Processor Architecture
References
- Computer Orgnization and Design, fifth edition
- Computer Architecture: A Quantitative Approach, fifth edition
- uclibc ABI docs
Terms
- dynamic: made by processors.
- static: decisions are made by the compiler before execution.
- IPC (instructions per cycles) and CPI
- VLIW: very long instruction word
Instruction-Level Parallelism (ILP)
Pipeline
- Instruction Fetech
- Instruction Decode
- Execution
- Memory Access
- Write Back
Pipeline introduces hazards:
- RAW (Read after Write):
i1. *R2* <- R5 + R3 i2. R4 <- *R2* + R3
- WAW
i1. *R2* <- R4 + R7 i2. *R2* <- R1 + R3
- WAR
i1. R4 <- R1 + *R5* i2. *R5* <- R1 + R2
If a hazard causes stall cycles, then all instructions up to the offending instruction are stalled until the hazard is gone. Forwarding, branch prediction, and other techniques can reduce the number of stall cycles we need.
Out-of-Order Execution (OOE/OoOE/OoO)
Speculation
Speculation is an approach that allows the compiler or the processor to “guess” about the properties of an instruction (e.g., a load does not refer to the same address), so as to enable execution to begin for other instructions that may depend on the speculated instruction.
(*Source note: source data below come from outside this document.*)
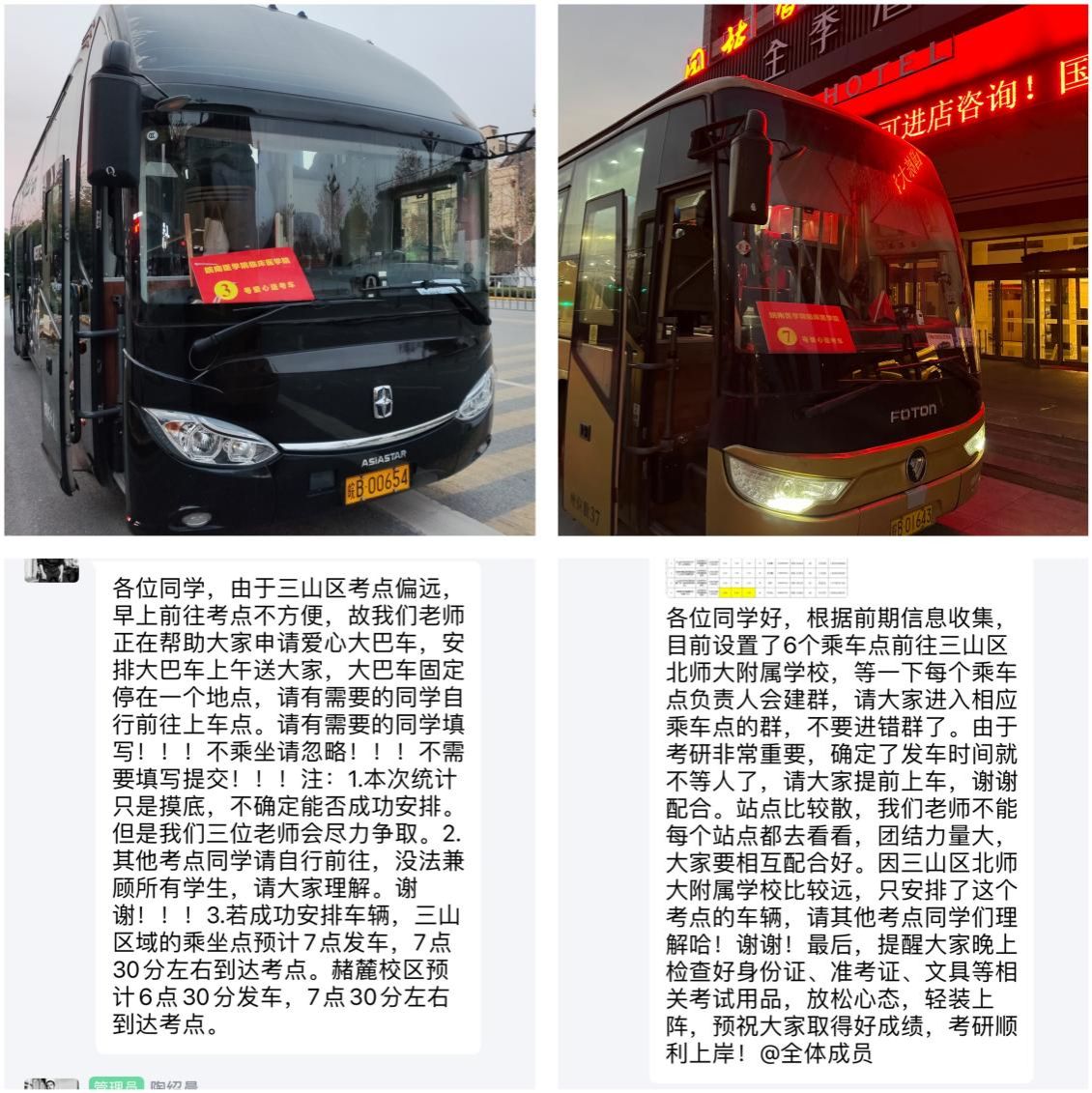 12月23日,公司安排了7辆爱心送考大巴,分别从赭麓校区和5家酒店接送400余名考生前往三山区考点参加考试。同时,辅导员陶绍晨、白桂峰为考研学子送去暖心问候,提醒同学们仔细检查考试用品,鼓励大家沉着冷静、稳定发挥,祝福考研学子“研”途熠熠、一战成“硕”。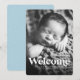 Djärvt välkomstblått vertikalt födelsekort meddelande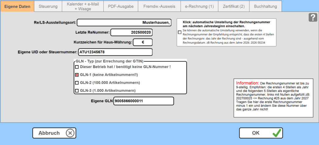Information zu den Rechnungsnummern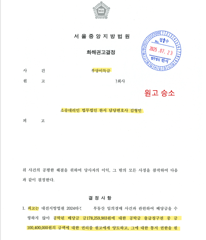 이는 집행·배당 사건에서 법무법인 한서의 전문성과 치밀한 전략을 잘 보여주는 성공사례라 할 수 있습니다.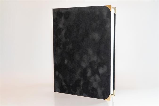 Desky na diplom, černá, A4, plyš, kovové rohy, 5999131712669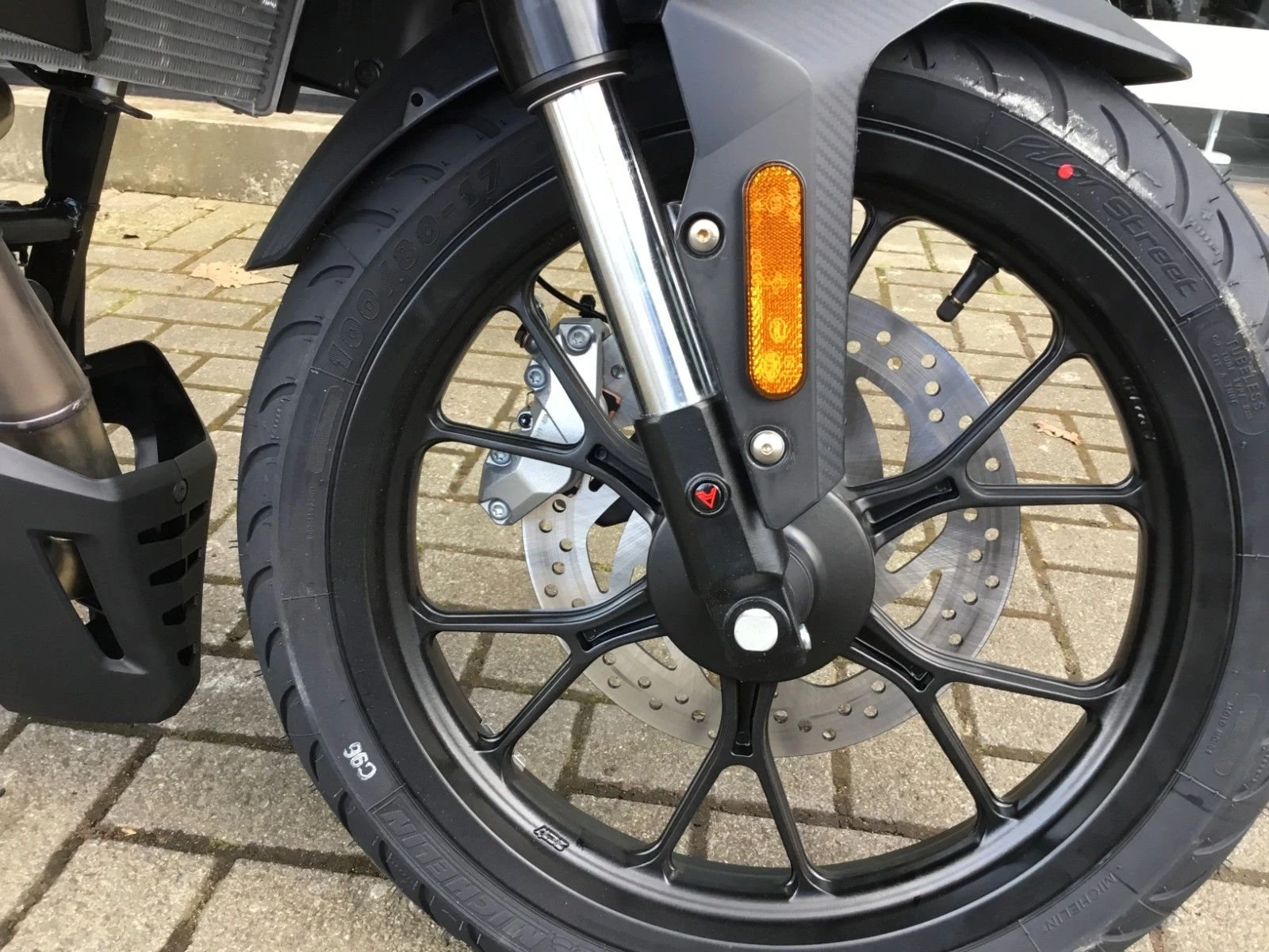 - Elektrisierendes Fahrgefühl Die Aprilia Tuono 125 sorgt für sofortigen Vortrieb - dank des flüssigkeitsgekühlten Euro-5+-Einzylindermotors mit Vierventiltechnik, der 11 kW bei 10.500 U/min und 11,4 Nm bei 8.500 U/min liefert. Die Motorleistung trifft auf ein präzises Bremssystem mit Zweikanal-ABS - entwickelt in Zusammenarbeit mit Bosch - sowie eine (abschaltbare) Traktionskontrolle, das für maximale Sicherheit und Stabilität sorgt. Für noch schnellere Gangwechsel ist die Tuono 125 bereits für den optionalen elektronischen Quickshifter vorbereitet.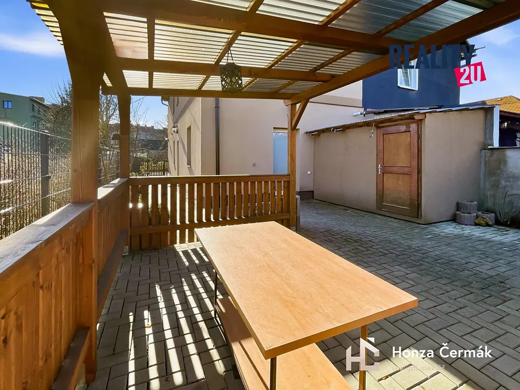 K bytu náleží také možnost plného využívání zahrady s pergolou, která je ideálním místem pro relaxaci na čerstvém vzduchu.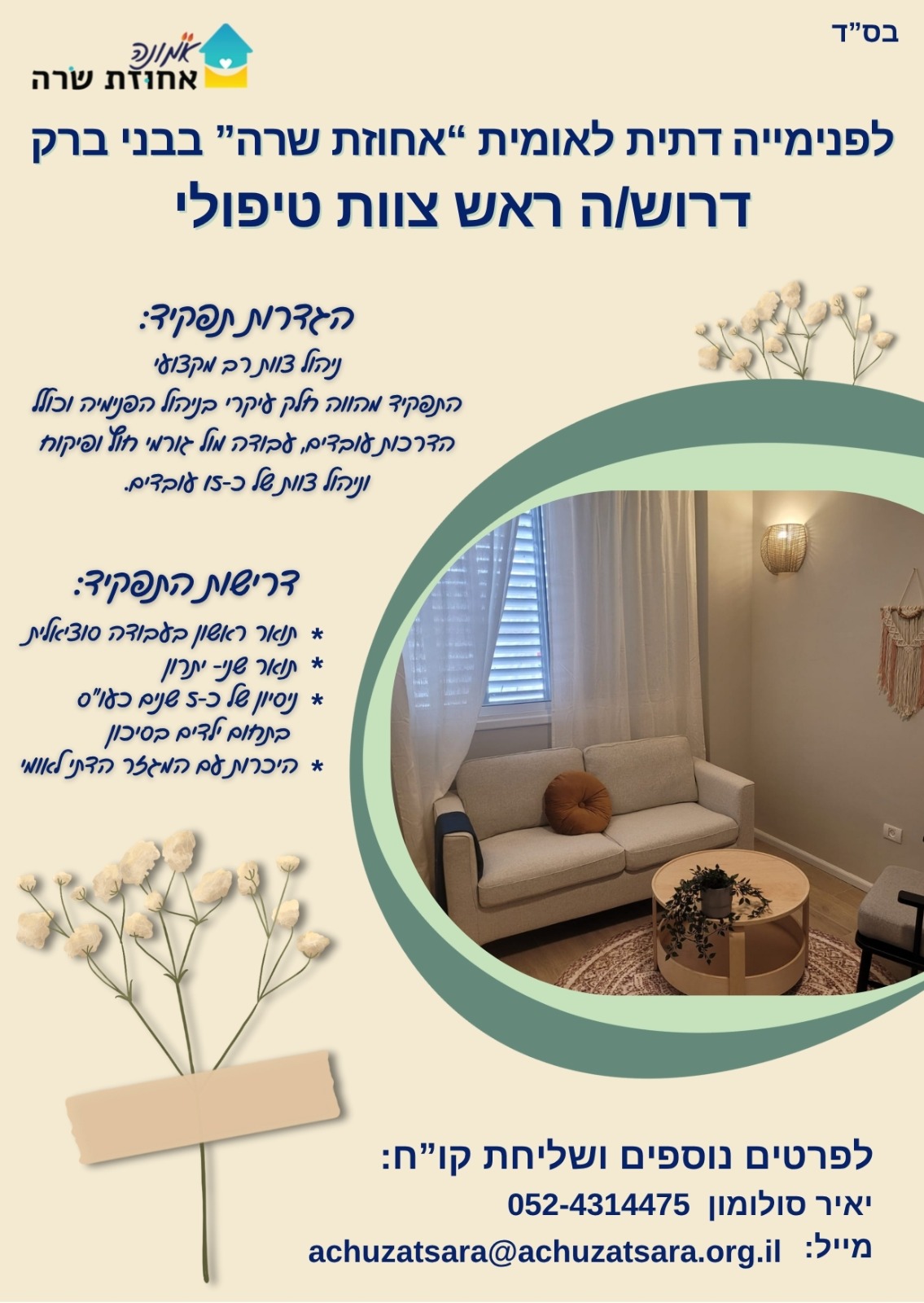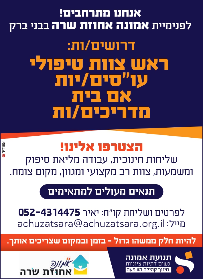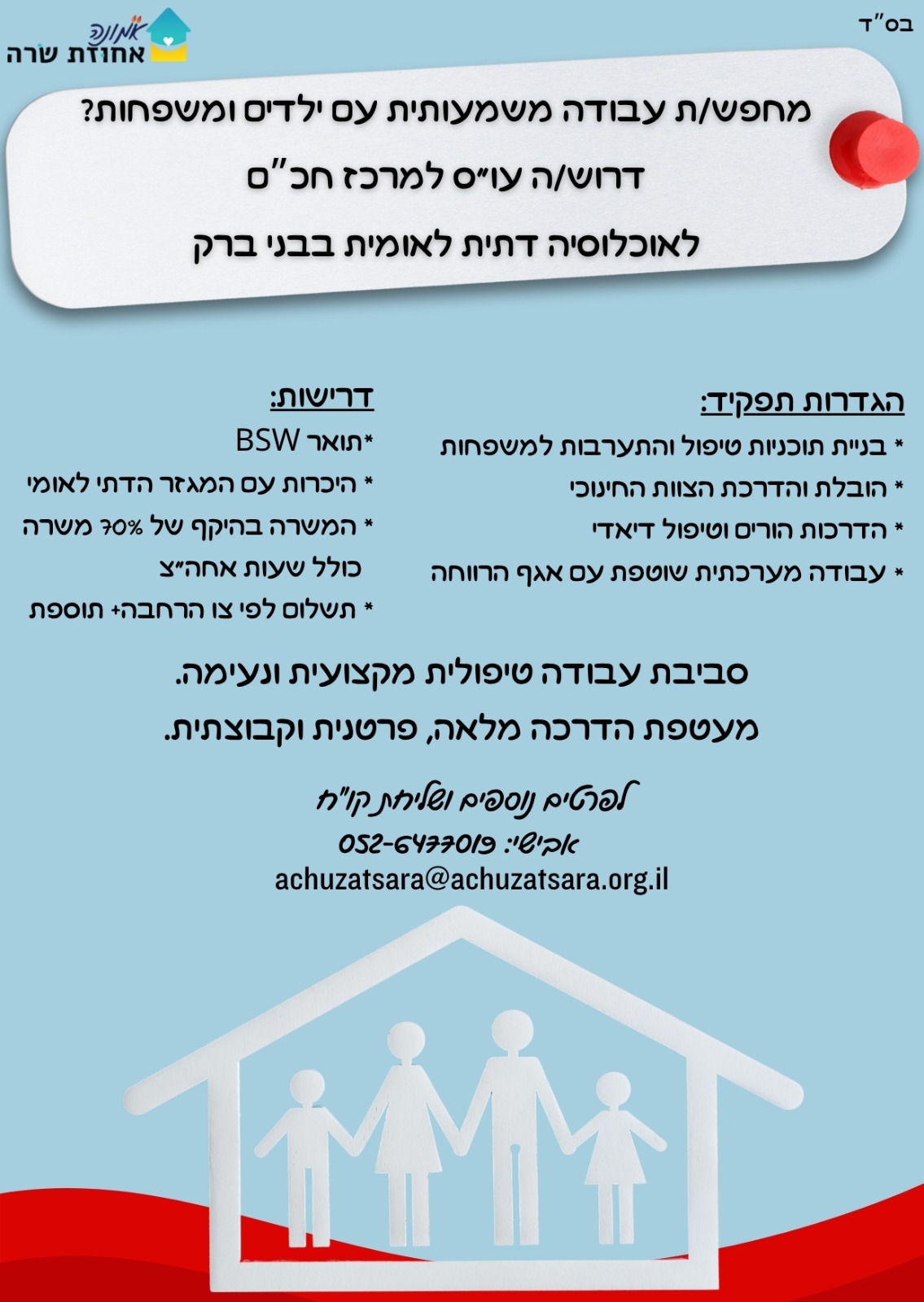 דרושים בואו להיות חלק מאמונה אחוזת שרה זוג לעבודה חינוכית מטפל/ת בעזרת בע"ח דרושים מדריכי לילה דרושות משפחות מלוות זוג לעבודה חינוכית דרושות אימהות בית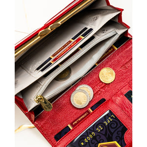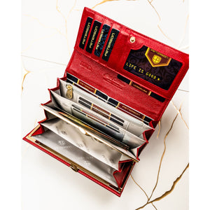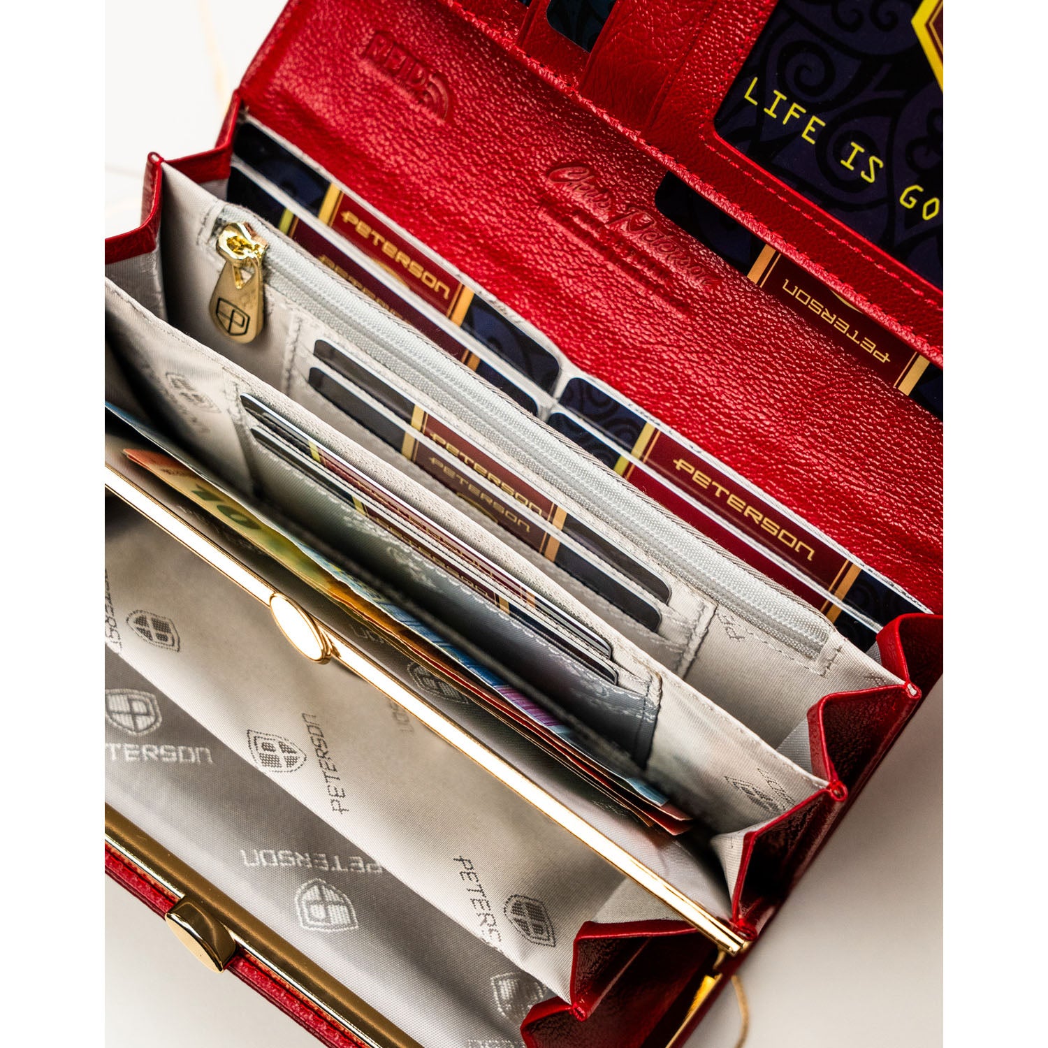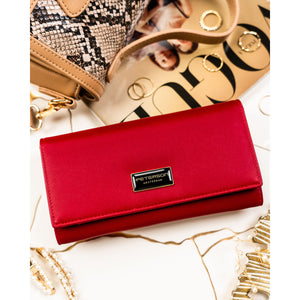 Peterson raudona moteriška piniginė iš dirbtinės odos su RFID apsauga.

- static: The compiler can use speculation to reorder instructions, moving an instruction across a branch or a load across a store. In addition, the compiler inserts additional instructions that check the accuracy of the speculation and provide a fix-up routine to use when the speculation is incorrect
- dynamic: The processor usually buffers the speculative results until it knows they are no longer speculative. If the speculation is incorrect, the hardware flushes the buffers and re-executes the correct instruction sequence.
Branch
Dynamic Branch Prediction
One implementation of that approach is a branch prediction buffer or branch history table. A branch prediction buffer is a small memory indexed by the lower portion of the address of the branch instruction. The memory contains a bit that says whether the branch was recently taken or not.
Often, 2-bit prediction schemes are used:
Static: Branch Delay Slot
Compilers and assemblers try to place an instruction that always executes after the branch in the branch delay slot.
As processors go to both longer pipelines and issuing multiple instructions per clock cycle, the branch delay becomes longer, and a single delay slot is insufficient. Hence, delayed branching has lost popularity compared to more expensive but more flexible dynamic approaches.